The current study identified three primary issues related to poor behavior: dietary control, physical activity, and stress management. These factors concur with prior research indicating that unhealthy eating habits are linked to inadequate glycemic control [11,15]. Patients with T2DM are at a higher risk of poorly controlled diabetes if they engage in insufficient physical exercise [5,13]. Moreover, stress significantly correlates with poorer glycemic control because stressed individuals are more likely to adopt unhealthy lifestyles [14,45].
Even though we employed effective data analysis methods, including bivariate and multivariate analyses, to examine the risk of various traits, factors, knowledge levels, attitudes, and self-care behaviors related to glycemic control among patients with T2DM, this study had some limitations. First, it was conducted exclusively in the northeastern region of Thailand, potentially restricting the applicability of the findings to other areas with varying cultural and demographic attributes. Secondly, self-reported questionnaires may have limited the acquisition of comprehensive information. Additionally, the study adopted a cross-sectional design, preventing the establishment of causal relationships based on the observed data and rendering the findings provisional. Inferences cannot be made from the observed relationships, thus making the findings temporary. However, this study provides valuable insights into the fundamental causes of poor glycemic control in patients with T2DM, which can be used to develop appropriate patient care approaches. Further research is needed to define or create a care model for T2DM patients with poor glycemic control. However, this analytical cross-sectional study could only explain the factors influencing self-care behavior.

5. Strengths and Limitations of This Study

This study involved a unique population living in rural areas in Thailand. This minor group of patients had relatively limited access to medical services. This present study investigated factors affecting glycemic control in this minor population. Our investigation of these factors paves the way for a community-oriented treatment plan. In the next phase of the study, we can make a comprehensive plan for these patients. We utilized a questionnaire with reasonable validity and internal consistency. The sample size was determined through variance calculation and multi-stage sampling to ensure a representative sample from all 18 subdistricts in Kalasin Province, Thailand. As a result, the findings could apply to patients with T2DM and may help predict glycemic control in this population. Effective data analysis methods, including bivariate and multivariate analyses, assessed the risks associated with various characteristics, knowledge levels, attitudes, and self-care behaviors related to glycemic control. The consistency of the results was supported by examining all risk factors through bivariate analysis and identifying significant factors in multivariate analysis. The outcomes of this study will be used to create a novel and tailored strategic plan for a specific population group.
There are 4 levels of the 905 hospitals in the Thai healthcare system under the Ministry of Public Health: 35 regional (tertiary level, >500 beds covering 4–5 provinces), 96 general (secondary level, >200–500 beds covering a large district), and 774 community (primary, 30–200 beds covering a small district).
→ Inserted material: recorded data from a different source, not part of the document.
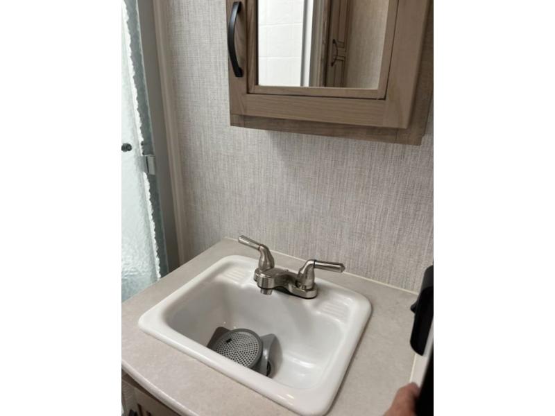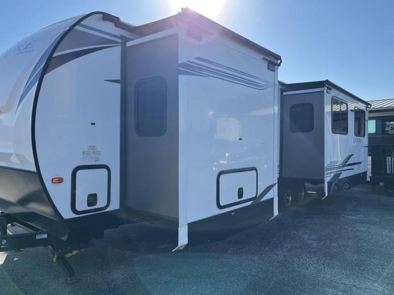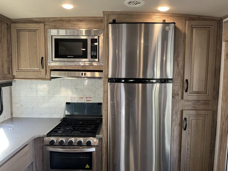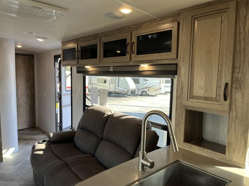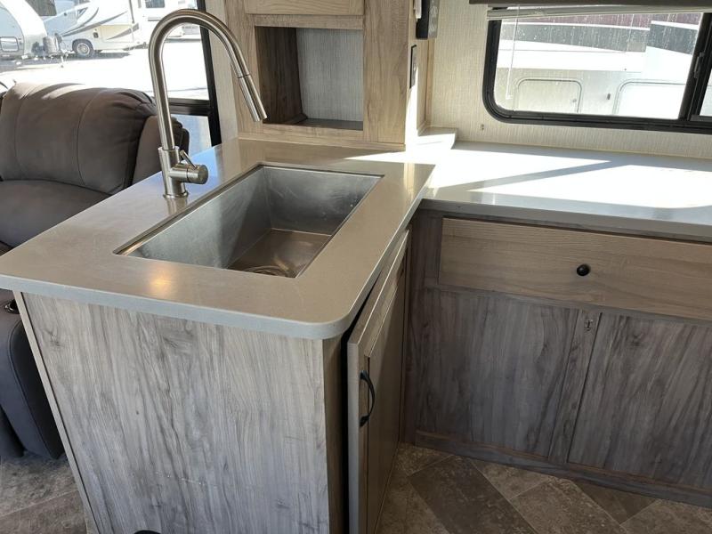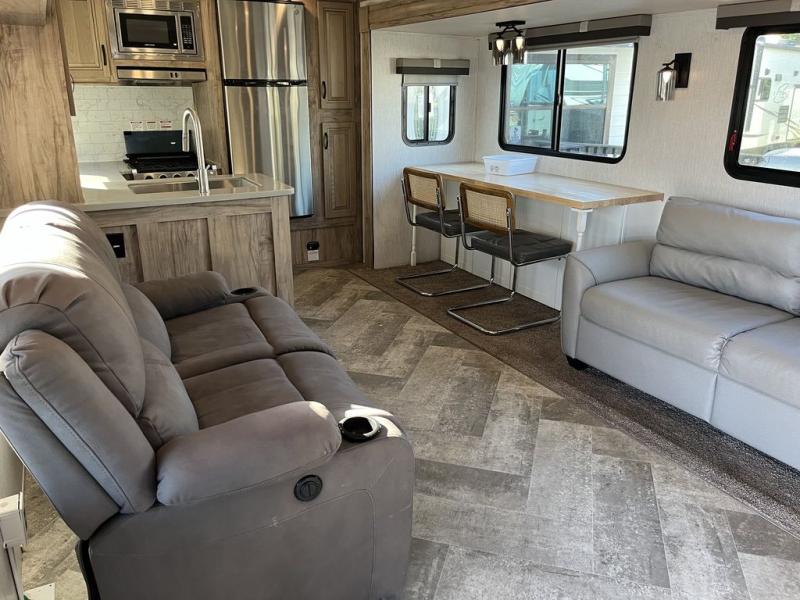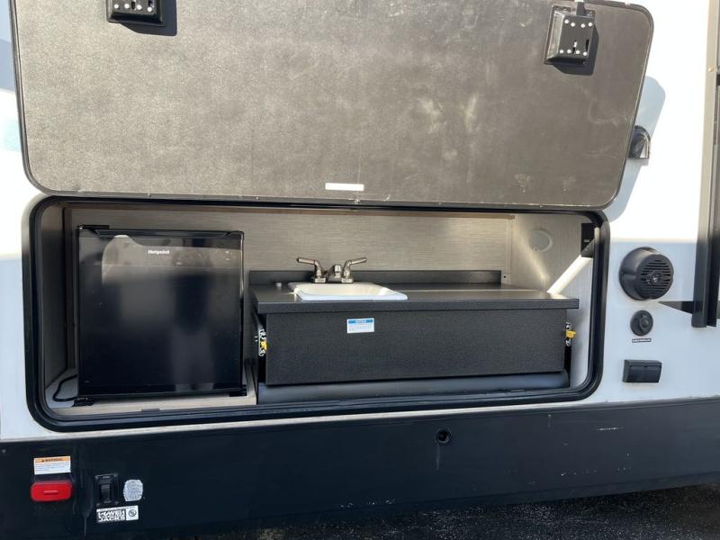 Get ready for lots of relaxation, and spacious living in this trailer when you camp! The rear kitchen offers a pantry, an 11 cu. ft. refrigerator, a microwave, a glass top flush mount range, and a U-shaped counter giving the cook lots of space for meal prep. And there is an outside kitchen for more ways to feed everyone, plus a 20' power awning which provides protection from the elements and creates an outdoor living area. The main area is spacious with a slide out that includes a booth dinette and sofa sleeper or choose the theater seating option, and there are two chairs to relax in as well. The full bathroom offers a shower with a seat, and the front bedroom offers privacy, a slide out king bed, a dresser, a front closet and a wardrobe that includes a washer/dryer prepped area if you decide to add those optional appliances.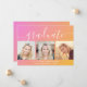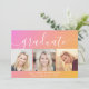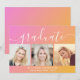 Trendy graduation announcement card featuring a pink to orange gradient background, three photos of the grad, "graduate" in stylish white script with swashes and their name, school and class year in simple modern white typography.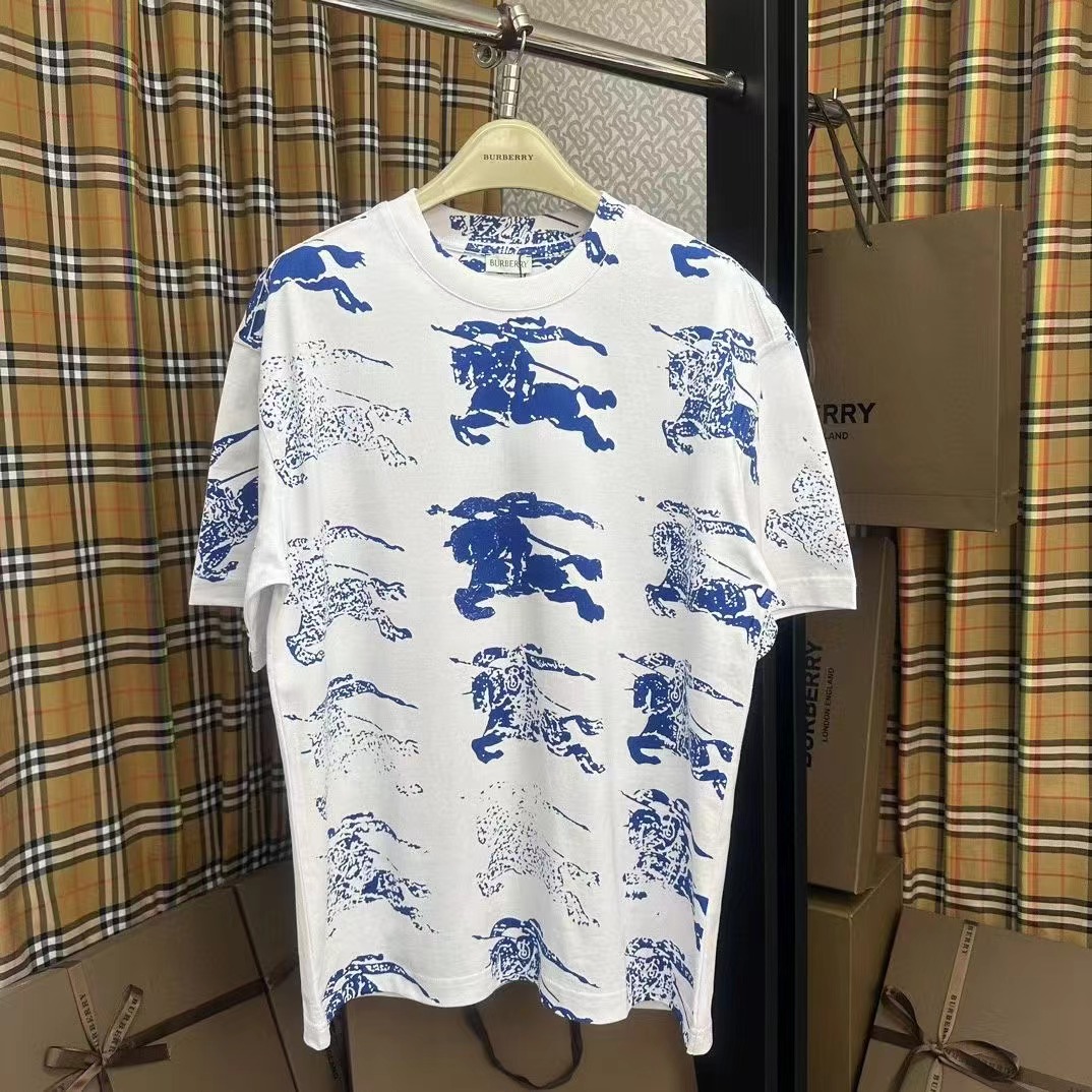 早春新款馬術騎士徽標棉質寬松T恤衫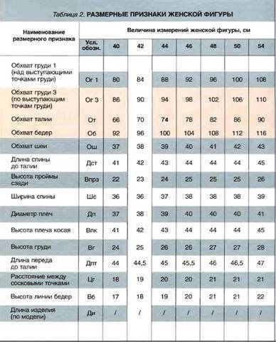 Размерные признаки женской фигуры. Таблица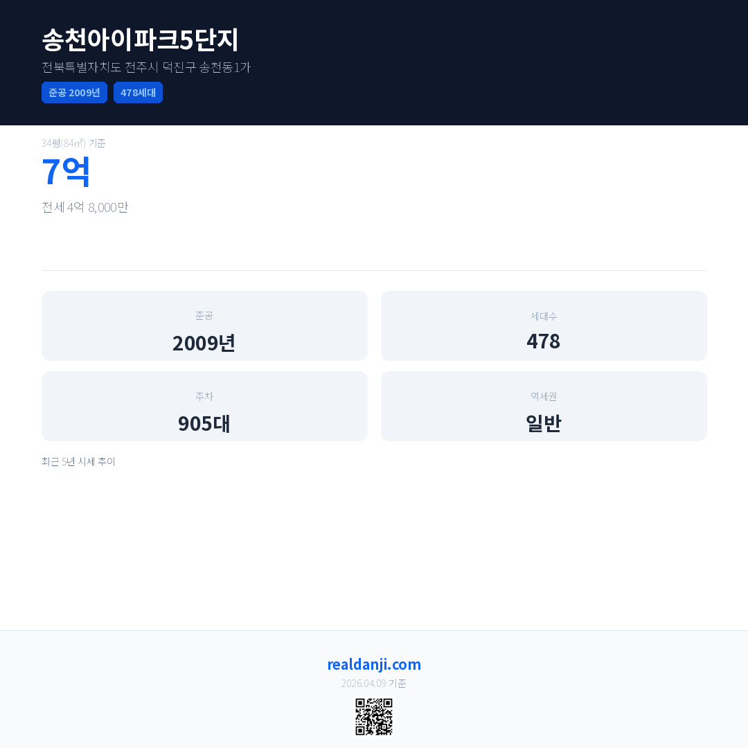 송천아이파크5단지 최근 거래가는 7억입니다. (2026-03)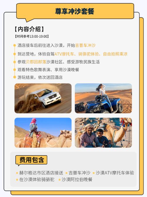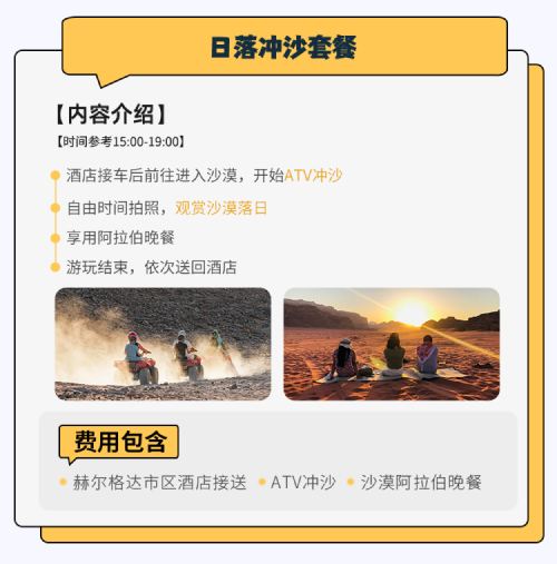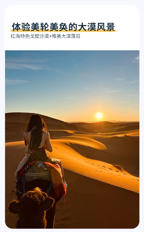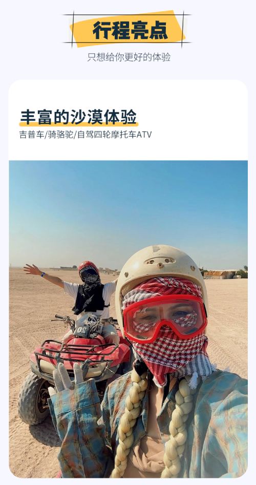 埃及红海沙漠营地冲沙游【日落/骑骆驼/贝都因部落+晚餐】【丰富的沙漠体验,吉普车/骑骆驼/自驾卡丁车/自驾四轮摩托车ATV,激情刺激】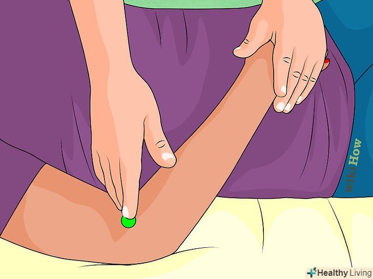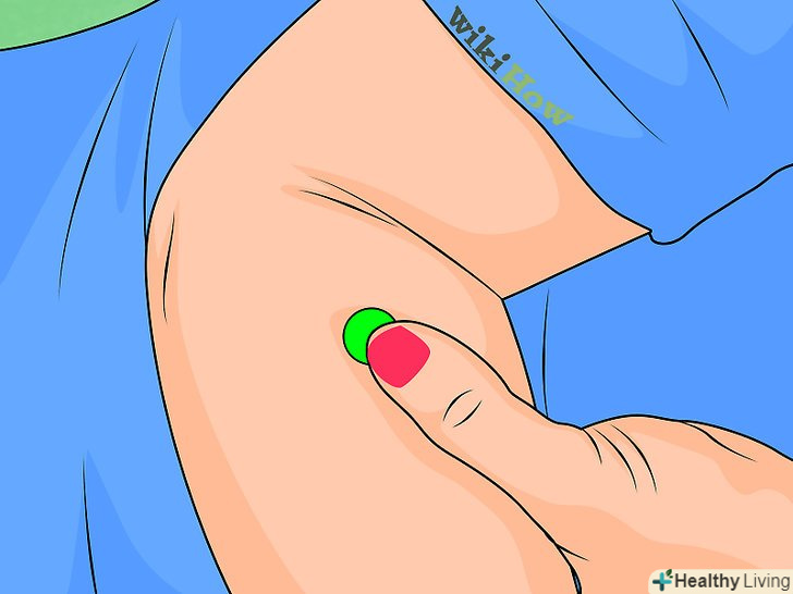 Розвантажте точку натискання товстої кишки, знайшовши цю точку близько ліктя.- Перемістіть пальці від ліктьового суглоба до внутрішнього згину ліктя на ширину великого пальця.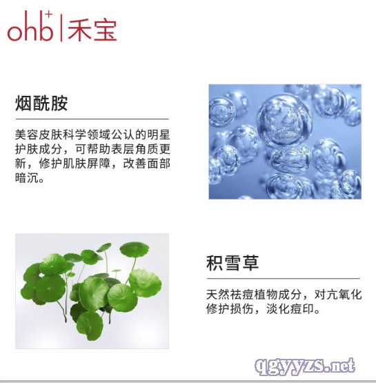 | 產品用途 | 對抗痘痘誘因,減少痘痘發(fā)生 舒緩修復傷口,增強肌膚平衡機能 平衡油脂分泌,暢通毛孔 淡印修痕,幫助平滑痘肌 |
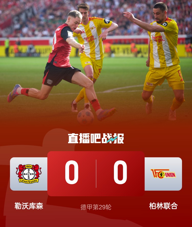 德甲第29輪,勒沃庫(kù)森0-0悶平柏林聯(lián)合。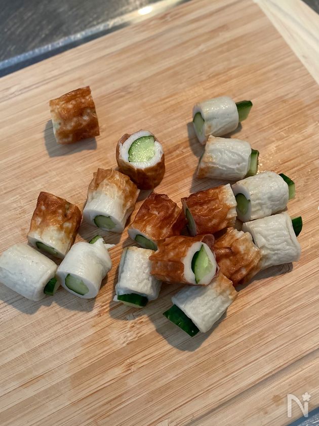 (1) きゅうりは縦4等分に切り、ちくわの穴に詰めて4等分に切る。
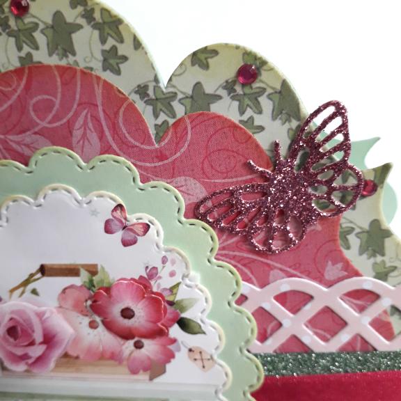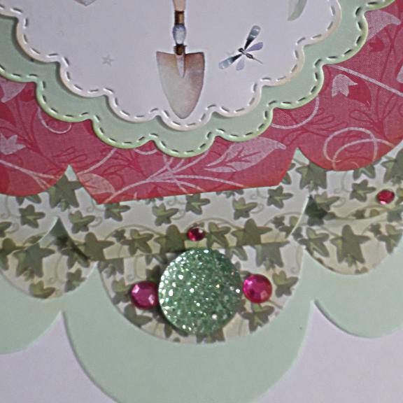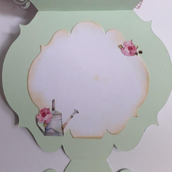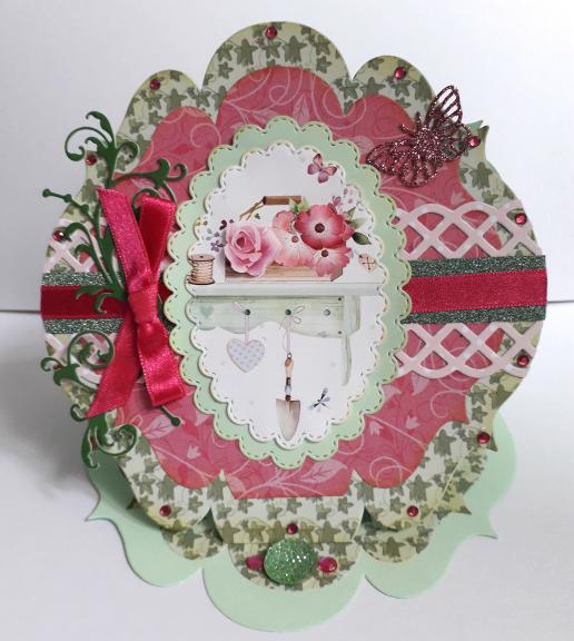 A shaped easel card with a picture of a pretty garden shelf, this is an a pink patterned panel and an ivy patterned background, the base card is light green. I have added a pink die cut strip with ribbons across the middle and embellished with die cut foliage and a bow, gems act as a stopper. Inside I have placed a blank white panel for your message.

Kalasin Province has a population of about one million inhabitants [46]. Given the approximately 10% prevalence of T2DM, there should be around 100,000 patients [47]. The province has 1 general hospital and 17 community hospitals. These hospitals provide primary healthcare for all patients, including 10,234 T2DM patients, presumably 10% of all T2DM patients available in the province. The rest of the patients have the right to consult physicians in tertiary hospitals or can be referred there when they have severe complications, like chronic diabetic nephropathy or chronic diabetic foot ulcers. Additionally, many with stable glycemic control receive healthcare services at smaller-size subdistrict health-promoting hospitals (under the Ministry of the Interior)—moreover, many self-pay for private hospitals. For this reason, another 90% might receive healthcare services outside the 18 hospitals examined in this study. This limitation might explain why we had a relatively small sample size.

6. Conclusions

In summary, poor glycemic control in T2DM patients was associated with younger age, a longer length of diagnosis, incorrect knowledge, and inadequate self-care behaviors. Therefore, this study can be used as a guideline for developing a care model for patients who lack glycemic control, with an emphasis on factors that are associated with a lack of glycemic control in T2DM patients, to prevent and reduce the complications of T2DM patients, including increased knowledge of the hereditary origins of diabetes, as well as the fact that regulating blood glucose levels in the normal range can minimize the risk of disability and financial difficulties. A better attitude is needed, such as not believing that taking diabetic medication alone is sufficient to control blood sugar and that exercising is not necessary. Experiencing diabetes can make one feel hopeless and helpless. Guidelines should also improve self-care behaviors on how to adjust medication dosages properly, the appropriate use of dietary supplements with diabetes medication, avoiding taking unprescribed medications, and refraining from smoking and drinking alcohol and sugary beverages.

Author Contributions

Conceptualization, P.P. and S.K.; methodology, S.K. and C.S.; software, T.P. and K.T.; validation, P.P., S.K., and K.T.; formal analysis, P.P., S.K., T.P., K.W., and L.K.N.; investigation, P.P., J.W., C.S., and L.K.N.; resources, S.K.; data curation, P.P., S.K., K.W., L.K.N., J.W., and K.T.; writing—original draft preparation, P.P. and S.K.; writing—review and editing, P.P., S.K., T.P., K.W., J.W., C.S., L.K.N., and K.T.; visualization, P.P., S.K., T.P., C.S., L.K.N., K.W., and K.T.; supervision, S.K. and J.W.; project administration, S.K. and K.T.; funding acquisition, S.K. and K.T. All authors have read and agreed to the published version of the manuscript.

Funding

This research project was financially supported by Mahasarakham University. The funding number is PHEP-SEA 2025.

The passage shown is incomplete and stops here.